13.2 You also have the right to file a complaint about our processing of your personal data with a data protection regulator (such as the State Commissioner for Data Protection and Freedom of Information for Baden-Württemberg, www.baden-wuerttemberg.datenschutz.de).
13.3 You can revoke your consent to the processing of your data at any time, GDPR Article 7(3). A revocation will affect the lawfulness of the processing of your personal data from the moment you communicate it to us.

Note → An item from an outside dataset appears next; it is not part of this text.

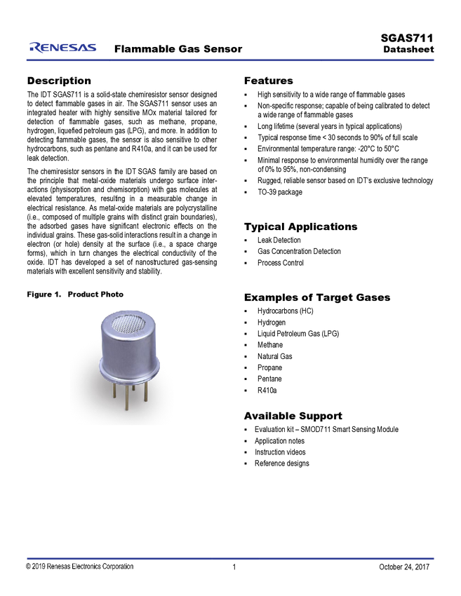 SGAS711 Flammable Gas Sensor - Methane, Propane, Hydrogen, LPG
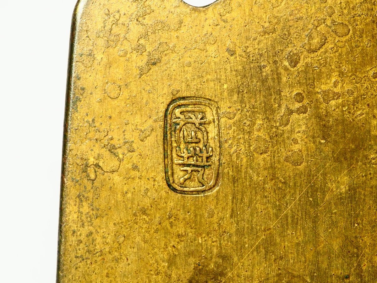 | 《サイズ》 大きさは 幅 21cm ・ 高さ 0.6cm ・ 奥行 5.8cm ・ 重さ 116g 【※計測サイズは最大径で計測しております(例;茶釜であれば、幅は鐶付の先から鐶付の先まで、高さは底面から摘みの先までとなります】 | |||

You can also object to your personal data being processed for advertising and data analysis purposes at any time. You can communicate your objection to us at the following address:
Am Oberwald 8
13.4 You can object to any processing of your personal data that is based on a balance of interests, GDPR Article 21. This includes processing that is not necessary for the performance of a contract to which you are a party, which we will present in the subsequent description of the functions. When you submit your objection, please include the reasons why we should not process your personal data as we have done. If your objection is warranted, we will review the facts and either stop or modify our data processing or provide the compelling legitimate grounds that allow us to continue processing your personal data.